Topic 104.13 – Windows Privilege Escalation and Exploiting Vulnerabilities

  • RULE : Once you have compromised a limited privilege user account, like the receptionist for instance.  You won’t be able to do much with it other than view their emails, pictures, documents, and the like.
  • RULE : Use the receptionist’s system to escalate your privileges by:
    • Tricking the user into executing an application.
    • Get a privilege escalation tool onto the receptionist’s system, then use a scheduled task to get it to run.
    • Use Remote Desktop, Terminal Server client, or VNC client from the receptionist’s system since it maybe configured with privileged credentials already.
  • RULE : Use the receptionist’s system to exploit a vulnerability by:
    • Replace the sticky keys exe file, sethc.exe with cmd.exe then hold down a key until it executes as LocalSystem.
  • RULE : Use a buffer overflow to spray the heap with and use some shellcode as the payload, so it pukes and executes.  IE 6 was an easy target for the old Aurora exploit which did this back in the day.
  • RULE : Java is a target rich environment that has been exploited many times over.  Some of the better known privilege escalation tools that exploited Java in older Windows systems such as Windows XP, Vista, 2000, ad 2003 are:
    • ANI Exploit.
    • Billybastard.c.
    • ERunAs2X.exe.
    • Getad.exe.
  • <Too be continued>

Topic 104.14 – Covering Tracks

  • RULE : Sloppy hackers (typically script kiddies) will leave a trail of destruction in the form of log files pointing back toward their direction.

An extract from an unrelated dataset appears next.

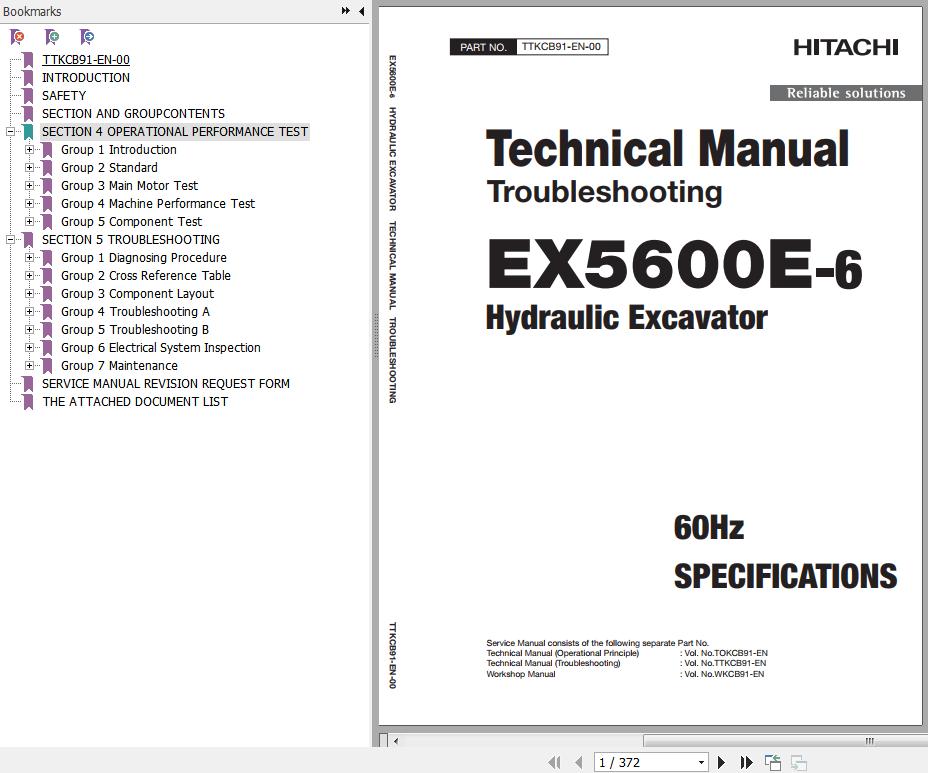 Hitachi EX5600E-6 60HZ Technical Manual Troubleshooting TTKCB91-EN-00(20200331) 372 Pages

  • RULE : To cover tracks, disabling logging during and attack and reenabling after the attack will make it less obvious.  There will be a hole in the data, but they will have to look for it.

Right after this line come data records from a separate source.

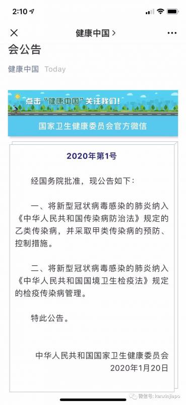 而中国国家卫生健康委,今天发表公告决定将“武汉肺炎”纳入法定乙类传染病,并采取甲类传染病的预防、控制措施。
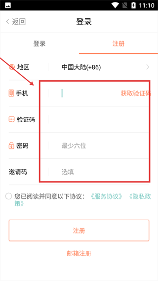 2、点击“注册”按钮,进入账号注册界面。
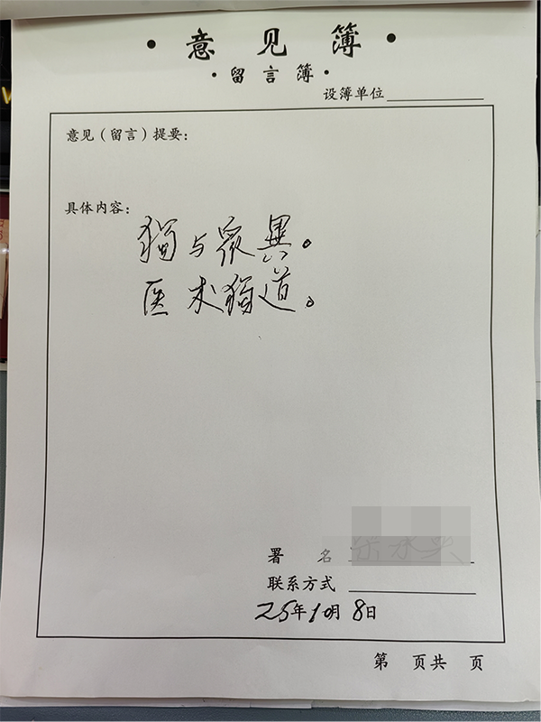 治疗结束后,百岁老伴特意找到意见簿,郑重提笔写下“独与众异,医术独道”八个字。简单的八个字,既是对医生精湛医术的高度肯定,也是对独言口腔20多年来用心服务的最佳褒奖——“独与众异”,是对医院差异化优质服务的认可;“医术独道”,是对医生专业诊疗能力的赞誉。
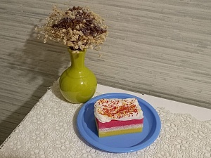 Наденьте фартуки и представьте себе, что вы – кондитеры-пекари. Сейчас, вместе со своим ребёнком, вы своими руками создадите шедевр – торт по собственному уникальному рецепту! Для изготовления аппетитного кусочка торта понадобиться совсем немного материала, который найдётся практически в каждом доме: губки разных цветов, бумажные салфетки, акриловые краски, кисточка, клей ПВА, бисер/бусинки, ножницы.

  • RULE : Auditpol.exe, which was introduced in the NT Resource Kit, can be used to disable logging:
    • C:\> auditpol \\192.168.1.77 /disable
  • RULE : If disabling the logs won’t work, clear them tools with such as:
    • ElSave.
    • Evidence Eliminator.
    • WinZapper.
  • RULE : If files must be left behind you need to hide them.

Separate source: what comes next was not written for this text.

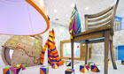 The result of a RIBA competition, the scheme was developed in close consultation with medical staff, physiotherapists and teachers – who requested a series of intimate, enclosed areas as well as the open-plan room, to allow for patients' different needs. You can actually climb inside the TV (surely the ambition of every child), where a cosy cave-like space awaits. Another secluded area can be found inside the globe. Each space is large enough to accommodate the turning circle of a hospital bed.

  • RULE : File can be hidden using the attributes of the files themselves, with the attrib command.  However, this can also be found by the sysadmin using the attrib command.
  • RULE : The Hierarchical File System (HFS) is an alternate data stream that can be used to hide file.
  • RULE : To create an alternative data stream:
    • Stream one file behind the other, C:\> somefile.zip > grantsnotes.txt:somefile.zip.
    • Erase the original attack, C:\> del somefile.zip.
    • To access the hidden file, C:\> start grantsnotes.txt:somefile.zip.